Sunday, October 25, 2009

Folate supplements better than natural folates?

One of the fascinating things about folate is that it comes in many forms. Folic acid is the one produced by chemical factory's. Thus it is cheap and plentiful, thus you are likely to have heard of it. However in nature folic acid is bound to other chemicals in many different and unique ways. Folic acid bound to these other substances is called folate.

Typically leafy green vegetables are high in folate. However the different types of folate have differing levels of bio-availability. It is known that folates in food are not well absorbed and have poor bio-availability. Thus there is a possibility if we try to raise our folic acid levels by eating leafy green vegetables that the body will not receive the folic acid it needs.

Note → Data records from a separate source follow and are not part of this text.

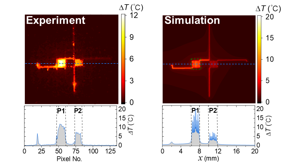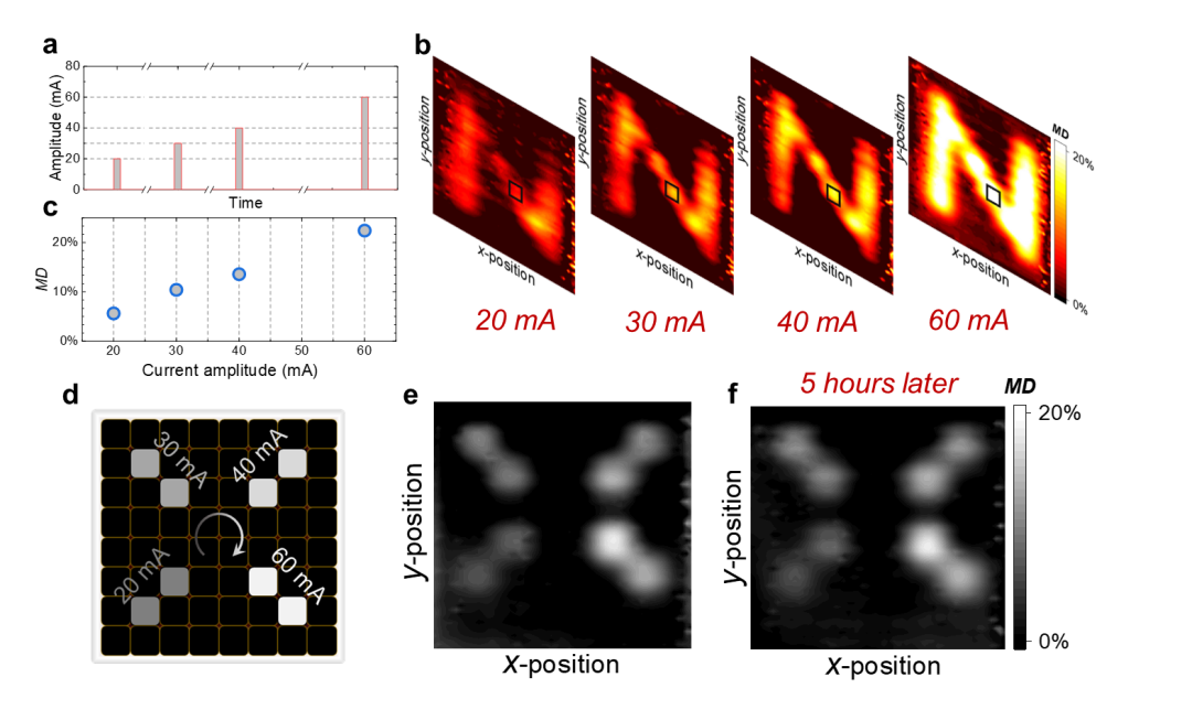 焦耳熱改變VO2電導率的同時會引起周圍像元的溫度上升,從而引起熱串擾。為解決這一問題,利用高熱導率的液態金屬填充在樣品與金屬加熱板的間隙,以優化熱接觸。在像元的熱串擾測試中,采用不同幅度的偏置電壓控制相鄰的兩個像元。熱成像儀測試和仿真結果表明,熱串擾被大大抑制(圖2)。在施加直流偏置將VO2驅動至最大回滯點后,該器件可以在不同峰值電流脈沖的驅動下實現太赫茲反射幅度的多態寫入和讀取,通過撤除直流偏置可以實現狀態的擦除。在此基礎上,我們以串行寫入的方式在該空間光調制器上寫入和保存了不同強度的圖像“N”(圖3)。最后,通過不同強度電流脈沖同時寫入空間光調制器,實現了多灰階圖像的寫入。撤掉電激勵后,該圖像保存時間超過5個小時。
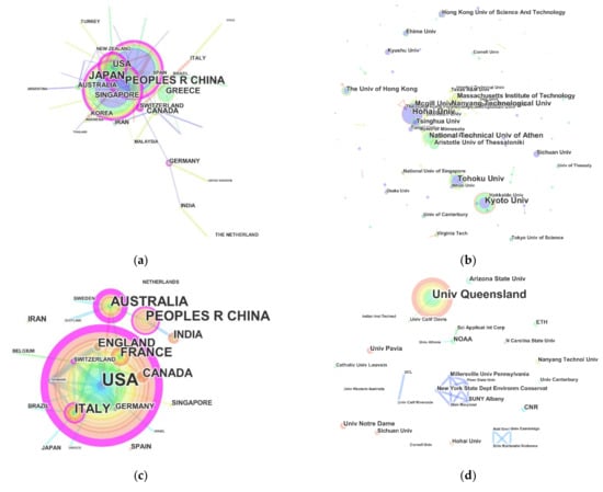 Visualization map of the distribution of papers among research-related organizations (universities and research institutes) and geographical areas. Note: The higher the frequency of occurrence, the larger the font displayed in the figures. (a) Country distribution of ISEH proceedings (b) Institution distribution of ISEH proceedings (c) Country distribution of EFMC articles (d) Institution distribution of EFMC articles.
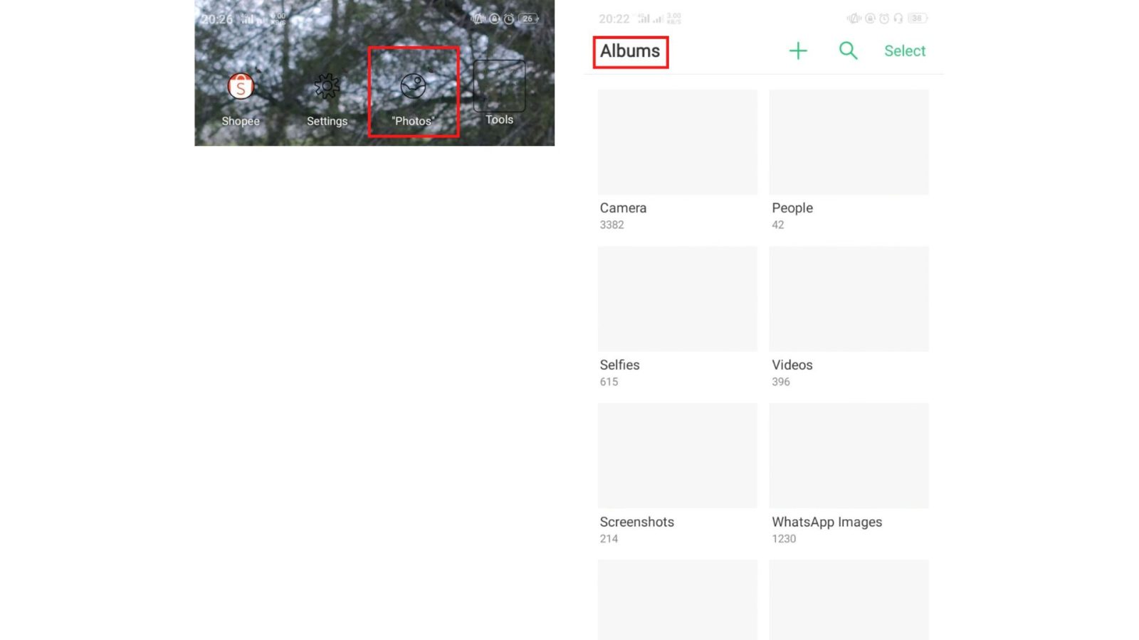 2. Tap Photos atau Galery maka setelah itu akan muncul Albums.
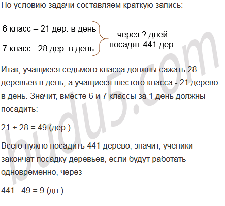 Ученики шестого и седьмого классов решили посадить вдоль дороги 441 дерево. Учащиеся седьмого класса должны сажать 28 деревьев в день, а учащиеся шестого класса - 21 дерево в день. Через сколько дней ученики закончат посадку деревьев, если будут работать одновременно?
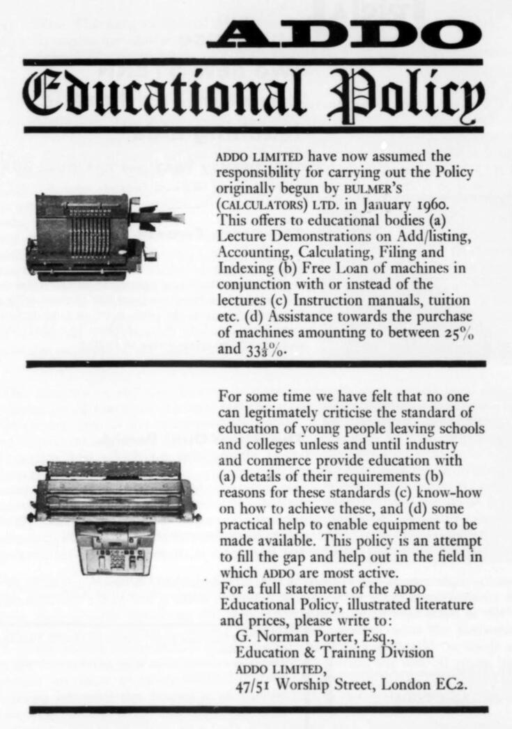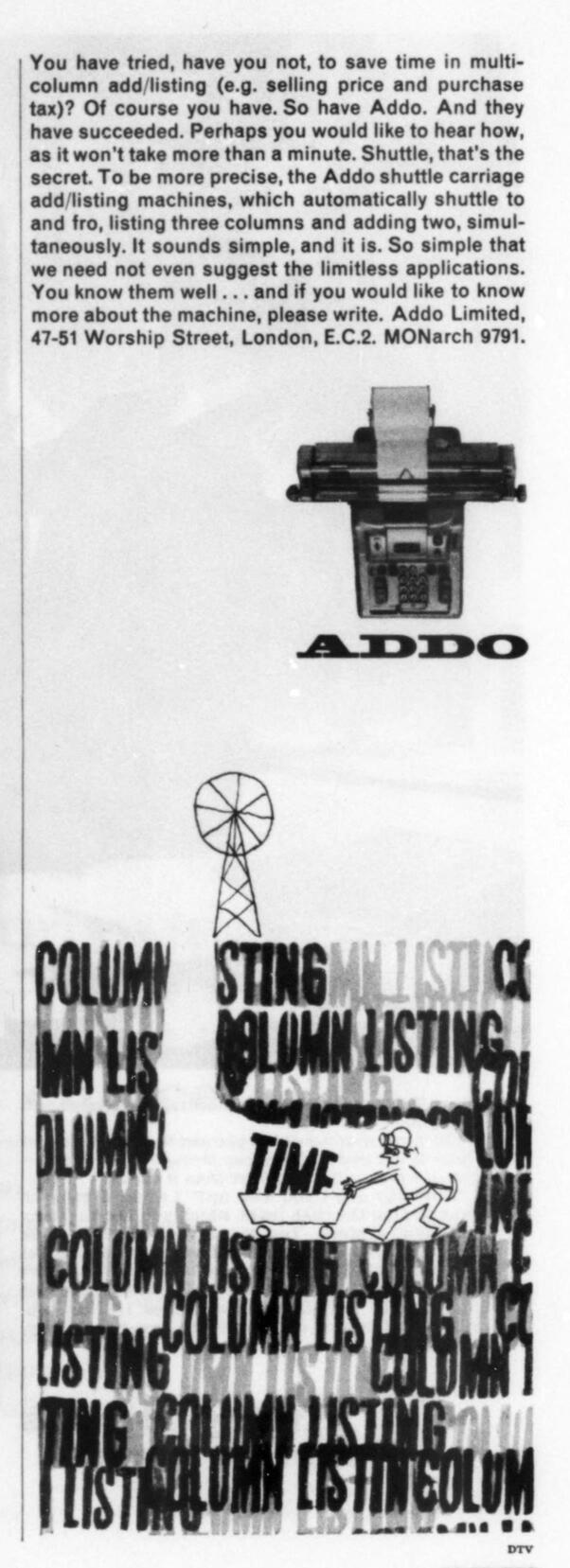 Addo Limited, Viking House, 5-11 Worship Street, LONDON, E.C.2. | (price 1/6) | |
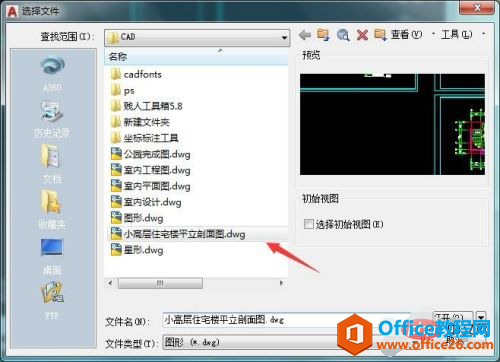 点击这个打开就会弹出选择文件对话框,我们在这个对话框里面找到我们的图形文件

A interesting study hints this might be the case. This study was looking at homocysteine levels in the blood. In simple terms homocysteine in blood is bad and increase folic acid causes a drop in homocysteine levels. So this study looked at increasing folate consumption by eating more leafy greens, taking a supplement from yeast and eating food with folic acid added to it (fortified). As you can see in the first graph below that all three groups had higher intake of folates compared to the control (placebo group). However what is fascinating is that only the fortified and supplement group had raised folic acid levels in their blood. Suggesting that the folate from leafy greens was not making it into the body. This is confirmed by the homocysteine levels shown on the second graph. Only the supplement and fortified group had statistically significant drop in homosyteine levels.


Thus folate in our green foods is not as good as chemical folic acid. This is very surprising, however the supplement was made from yeast, so eating yeast product would likely to provide high bio-availability folate. So home made bread (with yeast) and maybe even home brew?! as this uses yeast - although I don't know how much yeast is left in the final product. I also wonder about lactic acid bacteria as a source of folic acid. This is found in live yogurts and sauerkraut. So until this is figured out I would suggest you supplement with folic acid, or even better a yeast based suppliment. I would also reccomend eating more leafy green vege's even though they might not give you folate they are wonderful for a multitude of other reasons.


Lastly for transparency I am a Nutrilite distributor and this study was undertaken by Nutrilite and it was their yeast based suppliments which were used.